[[ PROVIDED ENTRIES open ]]

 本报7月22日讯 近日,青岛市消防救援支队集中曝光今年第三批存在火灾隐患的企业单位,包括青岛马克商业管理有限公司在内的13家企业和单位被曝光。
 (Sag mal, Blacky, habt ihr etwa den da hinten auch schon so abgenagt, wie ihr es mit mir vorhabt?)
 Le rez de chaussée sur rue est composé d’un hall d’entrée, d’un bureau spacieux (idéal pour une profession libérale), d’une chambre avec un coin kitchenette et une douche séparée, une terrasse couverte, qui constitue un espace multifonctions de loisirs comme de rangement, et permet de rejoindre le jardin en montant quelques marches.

[[ PROVIDED ENTRIES closed ]]
[[ PROVIDED ENTRIES open ]]

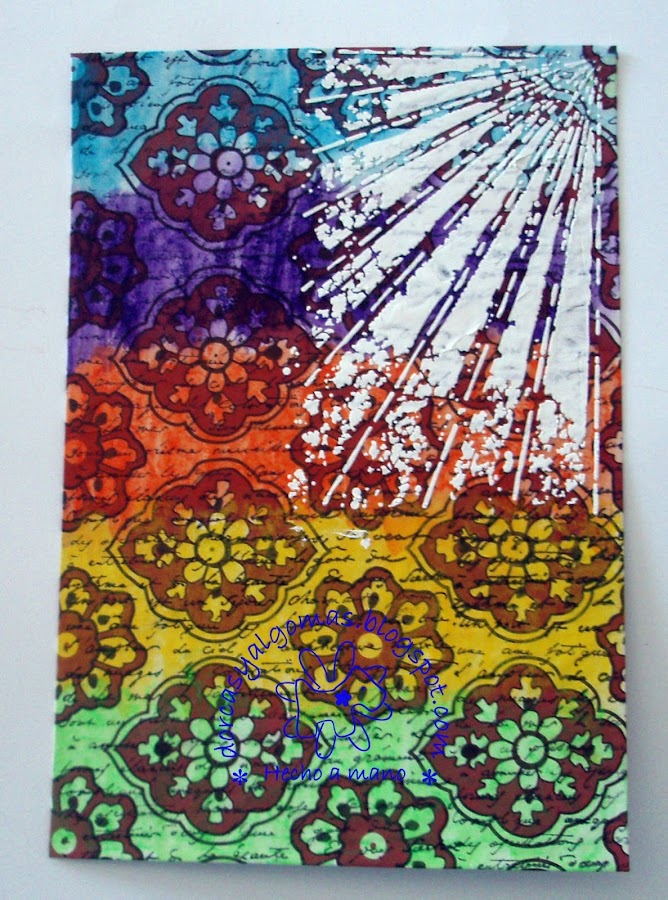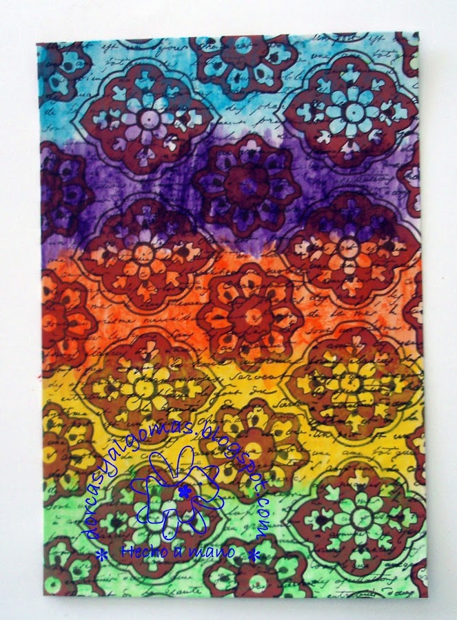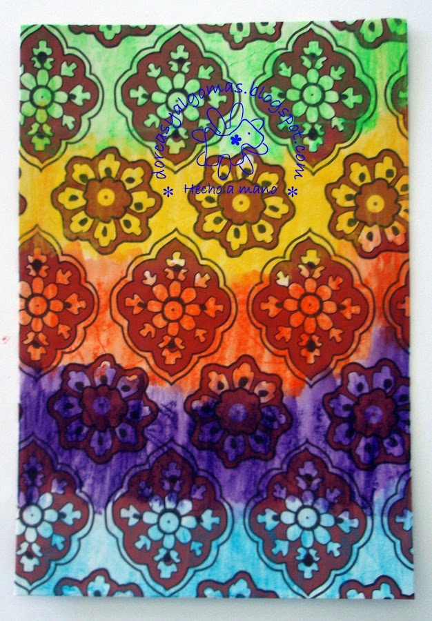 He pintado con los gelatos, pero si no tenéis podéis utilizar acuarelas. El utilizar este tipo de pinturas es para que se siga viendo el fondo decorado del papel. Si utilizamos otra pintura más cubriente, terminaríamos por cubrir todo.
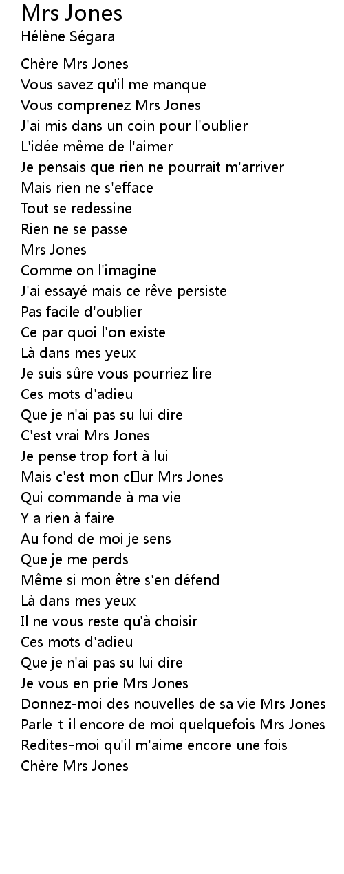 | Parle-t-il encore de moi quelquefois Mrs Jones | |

[[ PROVIDED ENTRIES closed ]]
[[ PROVIDED ENTRIES open ]]

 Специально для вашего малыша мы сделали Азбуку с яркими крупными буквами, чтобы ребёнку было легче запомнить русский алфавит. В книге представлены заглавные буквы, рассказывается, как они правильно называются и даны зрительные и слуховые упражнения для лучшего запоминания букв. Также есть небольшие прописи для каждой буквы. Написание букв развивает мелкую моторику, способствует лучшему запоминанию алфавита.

[[ PROVIDED ENTRIES closed ]]

- [ABOUT THIS TASK] From the records above, transcribe exactly the run of lines that opens with the line holding "(Sag mal, Blacky, habt" and closes with the line holding "Le rez de chaussée", both included.

- [TASK SOLUTION]
 (Sag mal, Blacky, habt ihr etwa den da hinten auch schon so abgenagt, wie ihr es mit mir vorhabt?)
 Le rez de chaussée sur rue est composé d’un hall d’entrée, d’un bureau spacieux (idéal pour une profession libérale), d’une chambre avec un coin kitchenette et une douche séparée, une terrasse couverte, qui constitue un espace multifonctions de loisirs comme de rangement, et permet de rejoindre le jardin en montant quelques marches.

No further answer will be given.